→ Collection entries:
+===+

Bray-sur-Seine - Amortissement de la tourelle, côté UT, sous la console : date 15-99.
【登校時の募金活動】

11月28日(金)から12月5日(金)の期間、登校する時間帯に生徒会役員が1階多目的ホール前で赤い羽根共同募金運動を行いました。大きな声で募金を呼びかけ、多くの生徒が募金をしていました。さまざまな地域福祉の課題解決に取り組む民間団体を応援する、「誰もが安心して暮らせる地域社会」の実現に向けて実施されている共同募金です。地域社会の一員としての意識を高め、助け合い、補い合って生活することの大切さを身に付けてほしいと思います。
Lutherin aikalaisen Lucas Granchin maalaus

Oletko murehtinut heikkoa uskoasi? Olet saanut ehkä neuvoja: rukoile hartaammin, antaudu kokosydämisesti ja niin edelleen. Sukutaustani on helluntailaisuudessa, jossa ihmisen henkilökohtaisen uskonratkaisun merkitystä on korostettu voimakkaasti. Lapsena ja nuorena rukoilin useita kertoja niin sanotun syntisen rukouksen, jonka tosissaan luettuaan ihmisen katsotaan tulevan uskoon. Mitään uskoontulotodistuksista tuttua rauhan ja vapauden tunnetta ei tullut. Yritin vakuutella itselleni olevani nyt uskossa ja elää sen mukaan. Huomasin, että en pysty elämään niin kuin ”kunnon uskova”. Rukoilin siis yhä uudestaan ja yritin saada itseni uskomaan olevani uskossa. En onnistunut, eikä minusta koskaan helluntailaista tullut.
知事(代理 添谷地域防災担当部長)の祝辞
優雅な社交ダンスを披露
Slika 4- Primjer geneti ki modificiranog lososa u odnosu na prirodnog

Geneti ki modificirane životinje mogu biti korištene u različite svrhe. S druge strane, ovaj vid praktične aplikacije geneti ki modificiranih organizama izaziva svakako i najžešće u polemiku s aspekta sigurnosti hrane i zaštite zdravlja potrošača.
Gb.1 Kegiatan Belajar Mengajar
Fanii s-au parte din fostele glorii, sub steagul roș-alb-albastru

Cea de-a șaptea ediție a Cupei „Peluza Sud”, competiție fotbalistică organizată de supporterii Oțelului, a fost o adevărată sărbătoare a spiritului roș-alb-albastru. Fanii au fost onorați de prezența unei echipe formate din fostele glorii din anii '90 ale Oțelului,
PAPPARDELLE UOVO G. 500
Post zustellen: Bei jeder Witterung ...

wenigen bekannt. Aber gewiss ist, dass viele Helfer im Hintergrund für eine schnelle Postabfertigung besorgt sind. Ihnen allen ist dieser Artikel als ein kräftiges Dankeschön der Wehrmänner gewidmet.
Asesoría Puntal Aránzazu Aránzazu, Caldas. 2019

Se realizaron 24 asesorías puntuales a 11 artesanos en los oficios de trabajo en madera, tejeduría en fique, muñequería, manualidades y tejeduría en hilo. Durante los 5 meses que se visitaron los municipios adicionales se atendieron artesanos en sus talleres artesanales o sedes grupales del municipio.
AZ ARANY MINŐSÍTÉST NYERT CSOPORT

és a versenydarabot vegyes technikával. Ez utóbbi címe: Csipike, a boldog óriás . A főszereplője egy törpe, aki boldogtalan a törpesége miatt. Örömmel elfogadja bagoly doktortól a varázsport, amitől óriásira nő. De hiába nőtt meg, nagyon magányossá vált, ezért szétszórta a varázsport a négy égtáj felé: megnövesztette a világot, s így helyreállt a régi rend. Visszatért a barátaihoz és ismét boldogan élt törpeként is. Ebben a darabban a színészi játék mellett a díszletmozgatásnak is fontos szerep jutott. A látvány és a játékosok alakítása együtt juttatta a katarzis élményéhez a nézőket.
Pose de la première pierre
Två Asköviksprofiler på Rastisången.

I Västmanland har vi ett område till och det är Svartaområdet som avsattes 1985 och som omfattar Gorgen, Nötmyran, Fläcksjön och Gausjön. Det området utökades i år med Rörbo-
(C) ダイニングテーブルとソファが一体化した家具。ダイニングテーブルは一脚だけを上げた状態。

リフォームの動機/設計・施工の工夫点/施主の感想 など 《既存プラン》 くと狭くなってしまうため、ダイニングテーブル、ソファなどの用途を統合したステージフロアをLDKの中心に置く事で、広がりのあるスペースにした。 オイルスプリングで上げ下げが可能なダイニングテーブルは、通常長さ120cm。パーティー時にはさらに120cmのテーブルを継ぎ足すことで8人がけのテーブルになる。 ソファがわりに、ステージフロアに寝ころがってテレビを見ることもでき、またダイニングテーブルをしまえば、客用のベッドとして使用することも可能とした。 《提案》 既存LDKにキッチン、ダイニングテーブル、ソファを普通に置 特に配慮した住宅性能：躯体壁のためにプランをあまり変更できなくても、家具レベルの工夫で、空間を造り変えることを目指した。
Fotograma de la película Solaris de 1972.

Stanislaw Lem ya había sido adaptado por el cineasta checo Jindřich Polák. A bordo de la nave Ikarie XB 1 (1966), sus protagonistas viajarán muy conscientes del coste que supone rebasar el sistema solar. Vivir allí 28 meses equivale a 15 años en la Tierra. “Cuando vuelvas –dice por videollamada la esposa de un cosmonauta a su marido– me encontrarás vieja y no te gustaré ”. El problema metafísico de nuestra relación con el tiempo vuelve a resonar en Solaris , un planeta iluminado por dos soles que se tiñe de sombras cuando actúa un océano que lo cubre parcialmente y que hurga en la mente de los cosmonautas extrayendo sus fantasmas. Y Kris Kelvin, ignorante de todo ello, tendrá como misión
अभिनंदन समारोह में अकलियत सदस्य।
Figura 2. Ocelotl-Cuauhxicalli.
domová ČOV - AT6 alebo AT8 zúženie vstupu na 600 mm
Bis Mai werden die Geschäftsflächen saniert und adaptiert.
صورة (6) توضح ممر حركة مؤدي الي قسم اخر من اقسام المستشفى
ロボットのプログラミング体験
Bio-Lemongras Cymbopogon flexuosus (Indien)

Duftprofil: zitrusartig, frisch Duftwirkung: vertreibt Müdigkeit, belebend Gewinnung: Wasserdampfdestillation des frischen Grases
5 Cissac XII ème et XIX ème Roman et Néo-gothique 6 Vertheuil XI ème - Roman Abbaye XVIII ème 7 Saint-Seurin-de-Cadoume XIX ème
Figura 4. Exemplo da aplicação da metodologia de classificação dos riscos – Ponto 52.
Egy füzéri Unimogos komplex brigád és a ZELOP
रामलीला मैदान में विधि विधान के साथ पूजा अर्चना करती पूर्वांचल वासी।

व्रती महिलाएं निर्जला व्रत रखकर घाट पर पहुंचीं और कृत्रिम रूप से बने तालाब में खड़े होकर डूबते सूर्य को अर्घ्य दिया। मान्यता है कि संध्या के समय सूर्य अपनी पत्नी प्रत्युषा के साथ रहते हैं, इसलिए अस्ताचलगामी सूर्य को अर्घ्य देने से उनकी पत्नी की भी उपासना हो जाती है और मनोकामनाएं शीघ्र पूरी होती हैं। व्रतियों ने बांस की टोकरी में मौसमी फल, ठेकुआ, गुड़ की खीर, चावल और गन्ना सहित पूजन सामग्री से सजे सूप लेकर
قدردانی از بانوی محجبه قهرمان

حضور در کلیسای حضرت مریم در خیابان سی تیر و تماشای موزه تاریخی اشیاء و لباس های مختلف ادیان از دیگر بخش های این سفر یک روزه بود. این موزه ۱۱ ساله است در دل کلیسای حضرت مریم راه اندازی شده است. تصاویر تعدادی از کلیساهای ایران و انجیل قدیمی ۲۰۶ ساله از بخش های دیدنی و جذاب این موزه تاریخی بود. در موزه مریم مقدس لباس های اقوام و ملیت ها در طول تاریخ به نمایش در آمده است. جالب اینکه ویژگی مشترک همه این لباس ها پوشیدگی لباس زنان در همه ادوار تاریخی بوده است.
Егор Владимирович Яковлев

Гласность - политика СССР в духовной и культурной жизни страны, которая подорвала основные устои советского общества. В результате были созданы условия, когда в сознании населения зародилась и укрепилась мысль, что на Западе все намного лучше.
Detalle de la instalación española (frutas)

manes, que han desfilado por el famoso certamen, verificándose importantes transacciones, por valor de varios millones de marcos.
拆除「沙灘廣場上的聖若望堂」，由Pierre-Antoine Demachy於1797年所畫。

+===+

→ Required work:
Go through the data and count every line where the word "Figura" appears. Give only that count.

→ Written answer:
2